The Words of the Lord

“The words of the LORD are pure words: as silver tried in a furnace of earth, purified seven times” (Psalm 12:6).

That’s what the words of the Lord are like, but what about our words?

God said to Jeremiah, “if you take the precious from the vile, you will be as my mouth” (15:19). It looks a bit as if he’d got through 14 chapters and 18 verses of prophesying without being as the Lord’s mouth!

In my unregenerate days my words were not very edifying. But God in his mercy brought me out of darkness and into light, and at that time my words changed. All the swearing and dirty language stopped. We could say that my words had been purified once.

Time went on and I began to see that other things besides bad language were wrong. Things like boasting and proud talk had to go. We could call that purging number 2.

But my words were still not pure words like the words of the Lord.

What about gossip and negative talk about other people? Getting rid of that might be purging number 3.

Then what about negative talk about circumstances and situations. “It always rains at week ends!” “There’s always a traffic jam when I’m in a hurry.” In other words, “All things work together for bad for me.” All that is the word of the unbeliever. That makes 4, and by the time you’ve added your suggestions, it looks like adding up to rather more than 7. We should obviously regard 7 as meaning perfect purifying, rather than taking it as a literal number. The number 7 signifies spiritual perfection.

In fact so far we are really only scratching the surface. Deeper than all these relatively superficial purgings is the purging of our spiritual talk.

You know when you read the words of Jesus that he did not preach, talk or bear witness in the way we do. The difference is that his words were the pure words of God like silver purified 7 times in a furnace. He certainly was as the mouth of God.

Let us note some differences.

In the early days of a believer’s life he passes on to others what he himself has been taught by other people. This is good and acceptable and right, and at a certain level does much to spread the word of God, and bring blessing to others. Would God that more people did it. But it is not what Jesus did. He passed on what he had heard from his Father in heaven.

A time will come for those who are willing for God’s purging when they will cease to be able to pass on what man has taught them. They will only be able to share what they have heard from their Father in heaven. They will become dumb till he opens their mouths.

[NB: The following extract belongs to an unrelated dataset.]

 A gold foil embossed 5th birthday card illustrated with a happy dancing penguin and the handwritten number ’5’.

Our testimonies also will change. In our early days they centred around ourselves and what God had done for us. This again is good in its place and often brings encouragement to others. But it is not what Jesus did. When he used the word I, (I am the Way, I am the Light, I am the Bread of Life...) it was not in the sense we use it. He did not speak of his personal human self and what he had experienced. When he used the word I, it was God in him.

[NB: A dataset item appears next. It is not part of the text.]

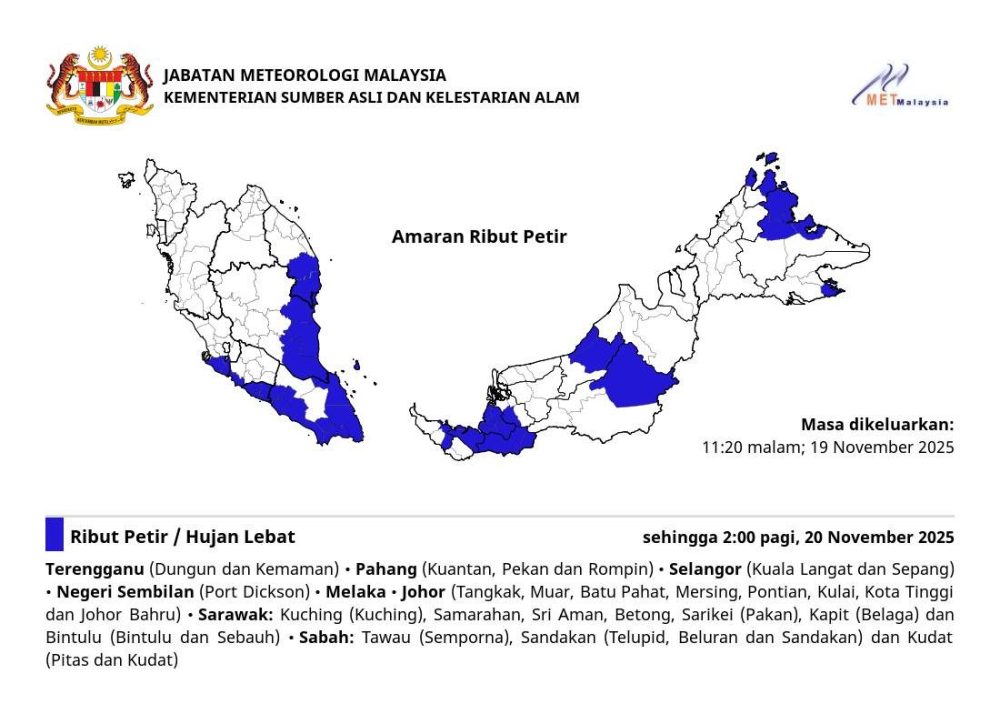 马来西亚气象局于2025年11月19日晚上11:20发布雷暴警告,预计多个州将出现强雷暴、暴雨和强风。具体地区包括:

He did not tell people about his experiences on earth and what he had achieved. Rather he bore witness to what he had seen in heaven.

The speech of little children centres on themselves, and that is acceptable in them. But adults cannot and must not be like that. Their speech must be purged till it is appropriate to their age.

When Paul was a child, so he tells us, he spoke as a child and thought as a child and understood as a child. But when he became a man, he put away childish things. No doubt this was a part of the sevenfold purging of his words.

I am not saying that we will become like Jesus overnight, or that we should cease from opening our mouths till all our words are absolutely pure. I would not be writing this if I believed that. Rather I am saying that we must submit to each purging of God as he reveals it to us. Let us allow him bit by bit to purge away the dross from our speech till what remains is the pure words of God.